Ixoor’s World—yes, she had named it after herself, assuring her immortality. And ever since that discovery, the search had been on for more planets.
Cholo, an astronomer who lived in the capital city of Beskaltek, thought he’d found a new planet himself, about ten years ago. He’d been looking precisely where Raymer’s law predicted an as-yet-undiscovered planet should exist, between the orbits of Red and High. But it soon became apparent that what Cholo had found was nothing more than a giant rock, an orbiting island. Others soon found additional rocks in approximately the same orbit. That made Cholo more determined than ever to continue scanning the heavens each night; he’d rather let a meatscooper swallow him whole than have his only claim to fame be the discovery of a boulder in space…

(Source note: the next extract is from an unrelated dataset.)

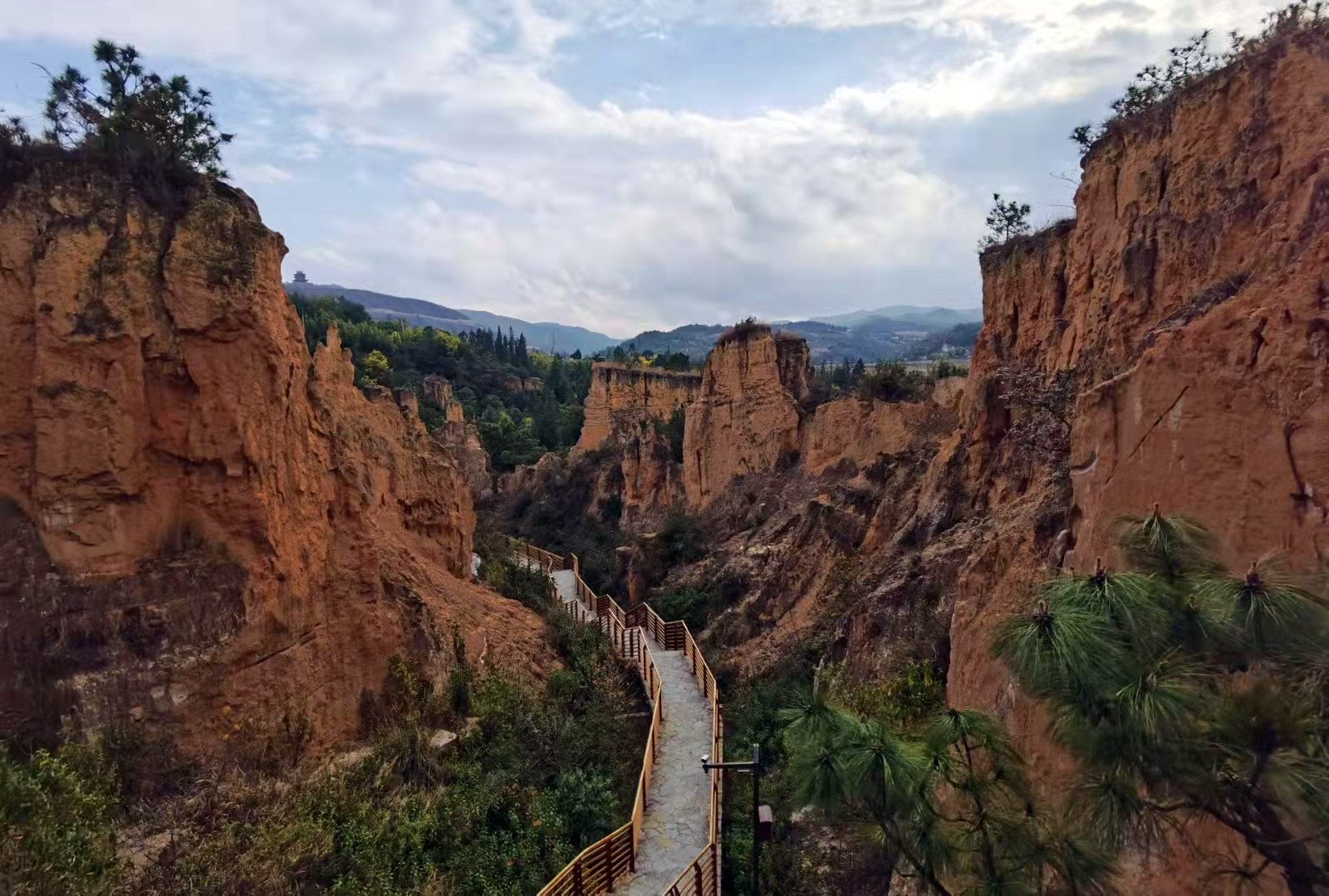 这里除了千姿百态的地貌奇观外,还有洞穴、浮雕,沙地跑马场、古栈道、烽火台、彝家寨门等。据说,这里就是三国中孟获的故乡,而电视剧《三国演义》中诸葛亮七擒孟获的拍摄场地,就是在这里取景的,从而也吸引了很多爱好者前来打卡,想象2000多年前的场景,当年发生的传奇故事,仿佛听到了沙场上相互厮杀的激烈争斗声……。

He searched and searched and searched, hoping to discover a seventh planet. And, one night, he did find something previously uncatalogued in the sky. His tail bounced up and down in delight, and he found himself hissing “Cholo’s world” softly over and over again—it had a glorious sound to it.

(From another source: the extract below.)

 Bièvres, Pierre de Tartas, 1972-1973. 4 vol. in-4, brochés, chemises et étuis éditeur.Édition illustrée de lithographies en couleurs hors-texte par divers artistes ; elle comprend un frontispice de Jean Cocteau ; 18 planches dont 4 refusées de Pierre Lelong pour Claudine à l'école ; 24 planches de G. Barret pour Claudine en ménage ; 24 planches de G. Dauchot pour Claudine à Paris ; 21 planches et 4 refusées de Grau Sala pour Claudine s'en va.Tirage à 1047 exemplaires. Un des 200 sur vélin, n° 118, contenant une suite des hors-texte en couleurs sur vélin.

But, as he continued to plot the object’s orbit over many months, making notes with a claw dipped in ink by the light of a lamp burning sea-serpent oil, it became clear that it wasn’t another planet at all.
Still, he had surely found his claim to immortality.
Assuming, of course, that anyone would be left alive after the impact to remember his name.
“You’re saying this flying mountain will hit the Earth?” said Queen Kava, looking down her long green-and-yellow muzzle at Cholo.
The Queen’s office had a huge window overlooking the courtyard. Cholo’s gaze was momentarily distracted by the sight of a large, furry winger gliding by. He turned back to the queen. “I’m not completely thirty-six thirty-sixths certain, Your Highness,” he said. “But, yes, I’d say it’s highly likely.”